You've definitely got the hard part done if you've got the core dump and
crash all working.

> My specific interest lies in debugging drivers internal state, e.g.
> platform drivers.

Please excuse my ignorance on your particular use case, I haven't done a
ton of work with device drivers or ARM-specific ones either!

> For some hands-on experience with crash utility I'd like to start by
> iterating over all the platform drivers and print their names,
>
> However, I am finding it challenging to get started with this process
> and I am uncertain of the best approach to achieve this. I have scoured
> various resources for insights, but the information related to this
> specific usage seems to be scattered and not exhaustive.

Crash has some excellent helpers, as you've seen (irq, log, files, kmem,
etc...). If you're lucky enough to have a crash command that deals with
the particular area you're debugging, then that can go a long way.
Unfortunately not every subsystem has such a helper command, and this is
especially true for device drivers.

So no matter what tool you use for this -- crash, drgn, or others -- you
will not be relying on a nice "list-all-platform-devices --name"
command. Instead, you'll simply need to use your knowledge of the code
for the subsystem to help you navigate it.

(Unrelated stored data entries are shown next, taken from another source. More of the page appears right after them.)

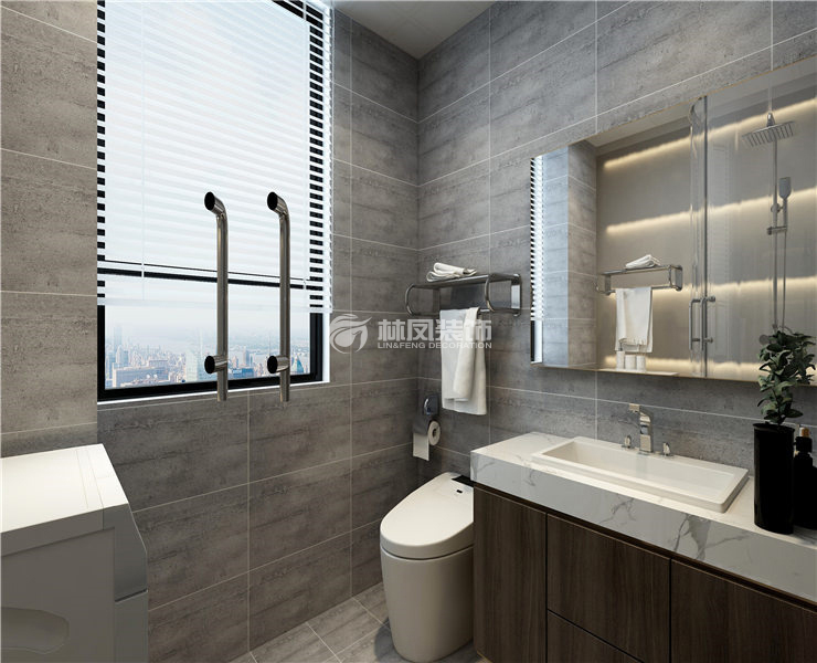 保利香檳裝122平三室兩廳港式輕奢風(fēng)格林鳳裝飾的衛(wèi)生間灰色調(diào)的主色搭配暖調(diào)的燈光、空間既溫和又港式奢華的韻味。大氣 有質(zhì)感,有一種神秘感。
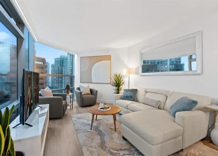 The Executive Downtown Suite With Great City Views is an exceptional retreat nestled in the heart of Downtown Vancouver's vibrant shopping district. This prime location positions guests just steps away from an eclectic mix of luxury boutiques and renowned department stores within the bustling CF Pacific Centre mall, making it an ideal haven for avid shoppers and urban explorers alike.
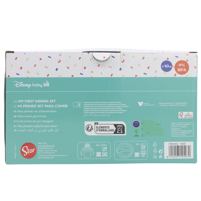 bestehend aus: Teller, Löffel, Trinkflasche mit Griffen
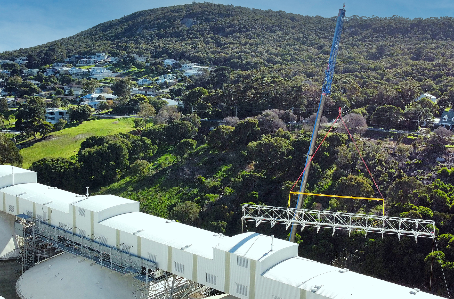 Die Layher Anwendungsingenieure planten die Gerüstkonstruktion digital in 3D mithilfe von LayPLAN CAD vor. Die Lösung ließ sich so optimal an die Gegebenheiten vor Ort – wie die hohen Windlasten – und die Geometrien anpassen. Kollisionen wurden dadurch vermieden.
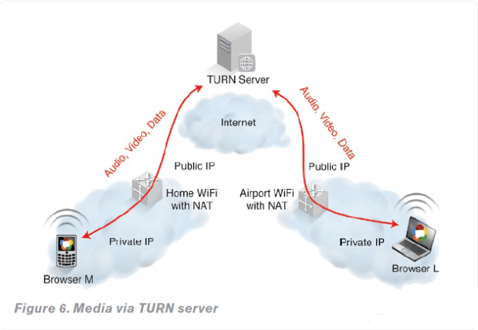 5.然而,如果您有高度限制的NAT或防火墙,这个直接路径不会被建立,只到达Turn服务器。 结果是媒体通过Turn服务器分支传输(如图所示)。
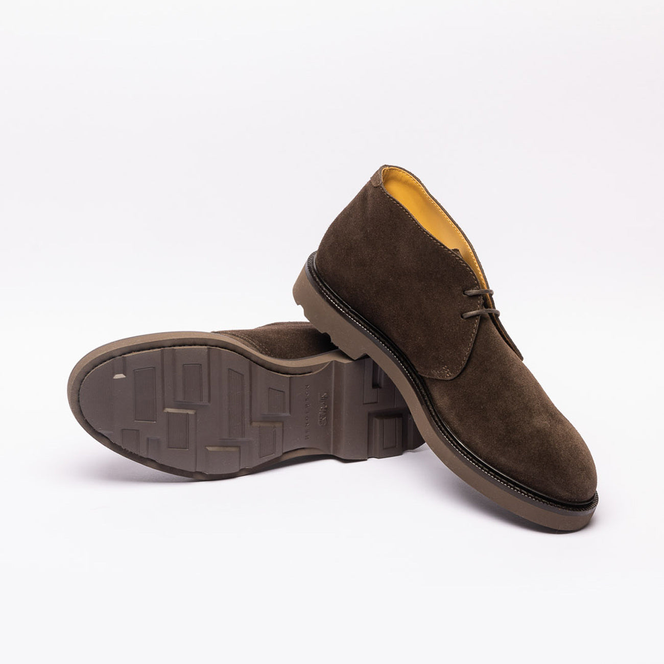 Modica suede 2-eyelet lace-up ankle boot, rubber sole, stormwelt, removable insole, made in Italy.
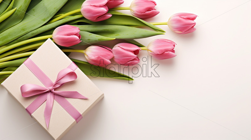 Banner with gift box and spring flowers on isolated white background

As I said, I don't know much about device drivers, but what I've
frequently seen with subsystems is some struct with function pointers
and maybe a name, then a "register_xxx()" function call, which would
register a driver or backend, which then places a struct on a linked
list of all the drivers or backends.

So a good place to start for this particular question would be to find
the global variable declaring the list head for your drivers. Use the
crash "list" command (it takes a good few minutes to get your head
around all the options, but it's powerful) to enumerate them and print
relevant fields, such as the name.

As an example which isn't driver-specific, you might want to look at all
of the slab caches (struct kmem_cache) and print their names. They have
a field "name", and a field "list" which is a list_head. There is an
external global variable named "slab_caches" which is the list head of
the list of all caches. You could iterate over all of them with:

list -s kmem_cache.name -o kmem_cache.list -H slab_caches

The "-s kmem_cache.name" tells it what to print, the "-o
kmem_cache.list" tells it to use that as the struct list_head linking
the list, and "-H slab_caches" tells it that this is an external head of
the list.

I assume a similar method could be used for your particular situation.
Then the "struct" and "p" commands can be used to interpret data
structures you find.

> Given the collective expertise on this mailing list, I thought it would
> be the best place to seek guidance. Specifically, I would appreciate it
> if you could provide:
>
> Any relevant documentation, guides, or tutorials to debug platform
> drivers using the crash utility for kernel coredump analysis.
> Some simple examples of using the crash utility to debug platform
> drivers, if possible.

Unfortunately, debugging resources and guides are rather thin on the
ground, and usually there isn't one tailored to your particular
subsystem. If you haven't found one, unfortunately I don't have a
particular resource for platform devices. Instead, you'll need to apply
guides from other areas with your knowledge of the subsystem. Also, rely
heavily on the built-in crash "help" command.

> Any important points or common pitfalls to keep in mind while performing
> this kind of analysis.
> Any other tips, best practices, or recommendations to effectively debug
> platform drivers using the crash utility would also be greatly appreciated.

One thing I'd mention is that: when crash has helpers that are tailored
for your use case, it's definitely a super power. It makes doing
debugging tasks a breeze. But when there's no helper for your particular
subsystem, it's a lot more frustrating to do, as you're generally poring
over struct listings. Unfortunately it's a bit difficult to write new
crash helpers.

If you're familiar with Python code, then I might recommend Drgn [1] to
you. It's a Python library which allows very natural access to the
vmcore's variables and data structures. So you can write your own
helpers in Python to explore the subsystem you care about. You'll find
that many of the people on this mailing list are quite familiar with
drgn as well :)

Good luck in debugging!
Stephen

[1]: https://github.com/osandov/drgn

> Thank you for your time and assistance. I look forward to hearing from you.
>
> Best regards,
> Talel, Shenhar.